**PROBLEM STATEMENT**
Could you return, exactly as written, every line from the one containing "Ref: Camisa masculina" through the last line of the entries below, leaving out the pictures?

[DATA PROVIDED — start]

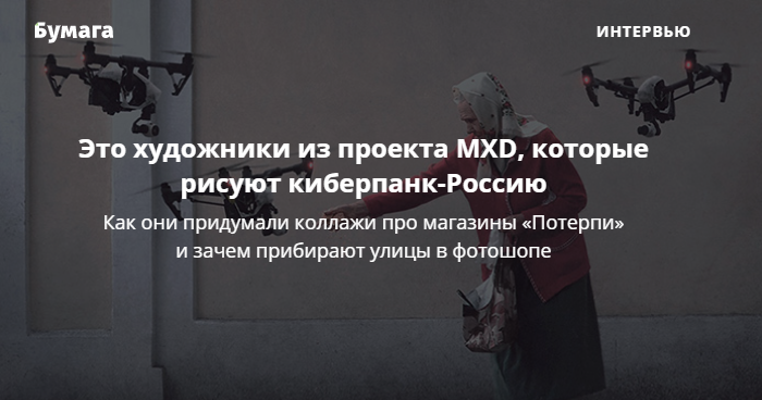 Два года назад четыре диджитал-художника — Виктор Могилат, Евгений Зубков, Лев Переулков и Андрей Кочергин — создали арт-проект MXD, в котором рисуют сюрреалистичные картины о жизни в России. Они сделали коллажи про магазины «Потерпи», «Дорого» и «Тлен», переосмыслив названия популярных продуктовых сетей, а также серию работ про 1990-е годы в стиле киберпанк.
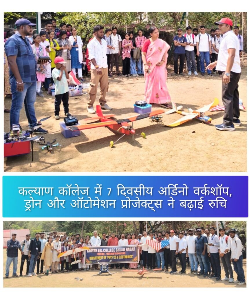 भिलाई, शिक्षाधानी भिलाई के सेक्टर-7 स्थित कल्याण पीजी कॉलेज में अर्डिनो वर्कशॉप का आयोजन किया गया। कॉलेज के फिजिक्स डिपार्टमेंट द्वारा वॉबल लैब और एसएसआईपीएमटी, रायपुर के (एआईसीटीई आइडिया लैब) के सहयोग से आयोजन हुआ। इसमें अर्डिनो और इसके कृषि, रक्षा और चिकित्सा परियोजनाओं में उपयोगी और महत्वपूर्ण विषय पर सात दिवसीय वर्कशॉप का आयोजन किया गया। इस वर्कशॉप का उद्देश्य स्टूडेंट्स को जरूरी स्किल्ड प्रदान करना और उन्हें इनोवेटिव टेक्निक्स के वास्तविक अनुप्रयोगों से अवगत कराना है।
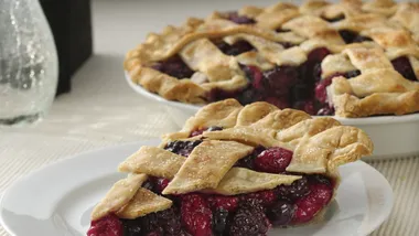 Fill an easy refrigerated pie crust with sweet and tangy rhubarb and blueberries.
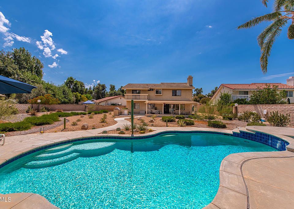 Welcome home! Beautiful 4-bedroom, 3-bath home perfectly situated in one of Simi Valley's most sought-after neighborhoods. Ideally located near Rancho Tapo Community Park, Simi Valley Library, Boys & Girls Club, farmers market, & more, this property offers both convenience and lifestyle.Set on an expansive 15,246 sq. ft. lot, the home features a resort-style backyard complete with a sparkling pool & spa, covered patio, built-in barbecue, and plenty of open space for entertaining. There's also gated RV parking and drought-tolerant landscaping for easy maintenance.The versatile floorplan includes a downstairs bedroom and 3/4 bath, ideal for guests, a home office, or multigenerational living. Upstairs, you'll find 3 additional spacious bedrooms, including the primary suite with a private balcony, walk-in closet, dual vanity, soaking tub, and separate shower.At the heart of the home is a chef's kitchen with a six-burner stove, walk-in pantry, expansive granite countertops with large eating bar, and abundant cabinet space. The kitchen flows seamlessly into the family room with an upgraded fireplace, creating the perfect gathering space. Formal living and dining rooms offer even more flexibility for entertaining.Additional highlights include an indoor laundry room and a 2.5-car garage with convenient 3-door entry. This is the perfect blend of comfort, function, and resort-style living. Don't miss the chance to call it yours!
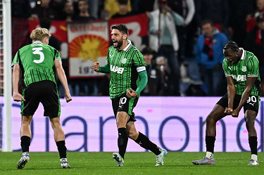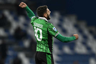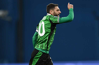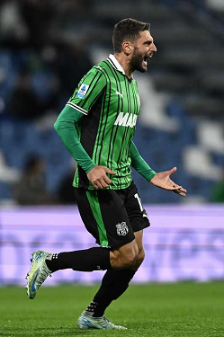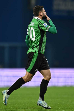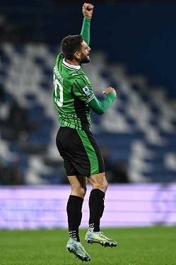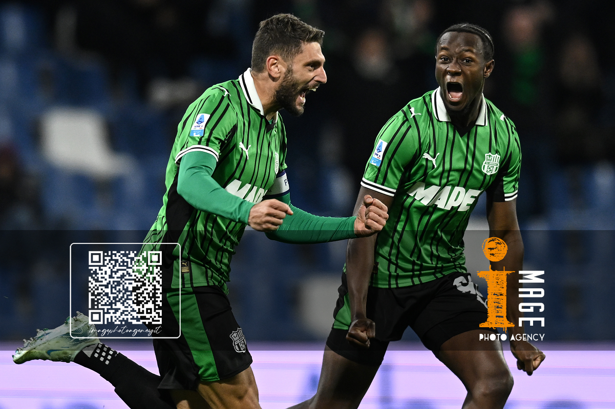 Fp Reggio Emilia 03/11/2025 - campionato di calcio serie A / Sassuolo-Genoa / foto Fabrizio Patrucco/Image Sport nella foto: esultanza gol Domenico Berardi
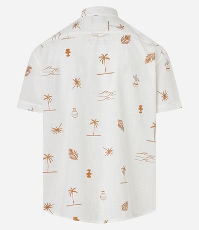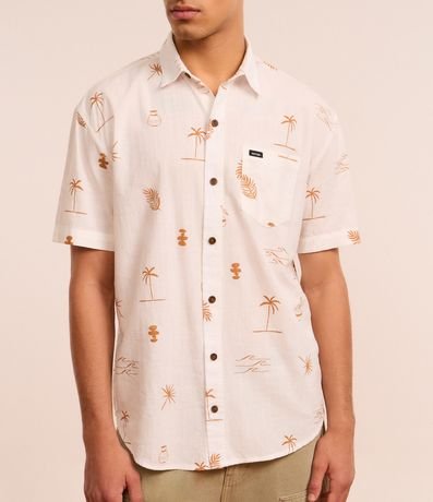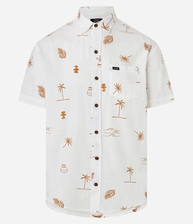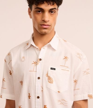 Ref: Camisa masculina confeccionada em tricoline mais sustentável no modelo relaxed, possui gola colarinho, manga curta, abotoamento frontal, bolso, com etiqueta aplicada e estampa mini ícones tropicais.
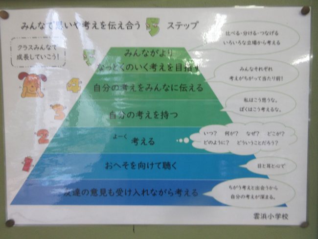 そんな社会を生き抜くために、子ども達には思いや考えを伝え合う力をつけてもらいたい。そんな願いのもと学校で5つのステップを考え、全ての学年学級で取り組んでいくことにしました。

[DATA PROVIDED — finish]

**RESULT OF THE TASK**
 Ref: Camisa masculina confeccionada em tricoline mais sustentável no modelo relaxed, possui gola colarinho, manga curta, abotoamento frontal, bolso, com etiqueta aplicada e estampa mini ícones tropicais.
 そんな社会を生き抜くために、子ども達には思いや考えを伝え合う力をつけてもらいたい。そんな願いのもと学校で5つのステップを考え、全ての学年学級で取り組んでいくことにしました。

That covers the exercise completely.